How many grams of methane gas (CH4) are in a 15.8 liter sample at 1.2 atmospheres and 27°C
Use PV = nRT and solve for n, then
n = grams/molar mass.
To determine the number of grams of methane gas (CH4) in a 15.8 liter sample at 1.2 atmospheres and 27°C, you can use the ideal gas law equation:
PV = nRT
Where:
P = pressure in atmospheres
V = volume in liters
n = number of moles
R = ideal gas constant (0.0821 L·atm/mol·K)
T = temperature in Kelvin
We'll need to convert the temperature from Celsius to Kelvin:
T(Kelvin) = T(°C) + 273.15
T(Kelvin) = 27°C + 273.15 = 300.15 K
Now we can rearrange the ideal gas law equation to solve for the number of moles of methane gas:
n = PV / RT
Substituting the given values:
P = 1.2 atmospheres
V = 15.8 liters
R = 0.0821 L·atm/mol·K
T = 300.15 K
n = (1.2 atm * 15.8 L) / (0.0821 L·atm/mol·K * 300.15 K)

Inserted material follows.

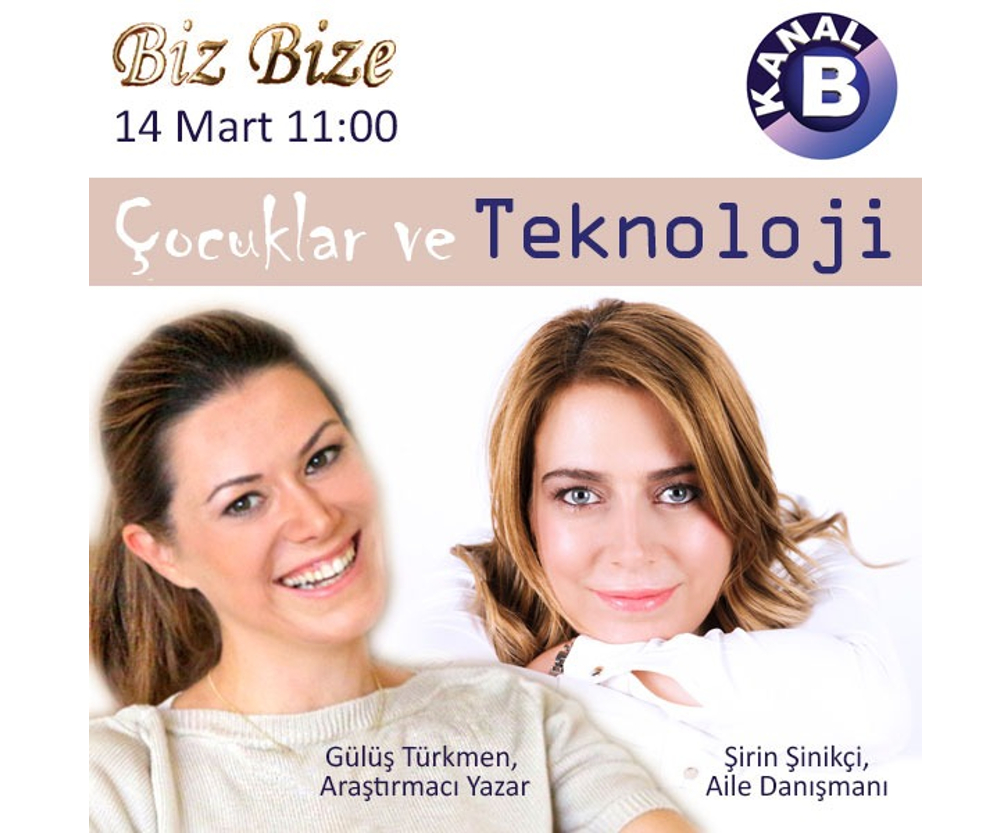 Araştırmacı yazar Gülüş Türkmen’le birlikte Kanal B kanalının sevilen programı Biz Bize’ye konuk olarak Çocuk ve Teknoloji konusununu konuştuk.

Performing the calculation:
n = 0.760 mol
Finally, we can calculate the mass of methane gas using its molar mass:
Molar mass of CH4 = 12.01 g/mol (carbon) + 4 * 1.01 g/mol (hydrogen)
Molar mass of CH4 = 16.05 g/mol
Mass of CH4 = n * molar mass of CH4
Mass of CH4 = 0.760 mol * 16.05 g/mol
Calculating the result:
Mass of CH4 = 12.204 grams
Therefore, there are approximately 12.204 grams of methane gas in the 15.8 liter sample at 1.2 atmospheres and 27°C.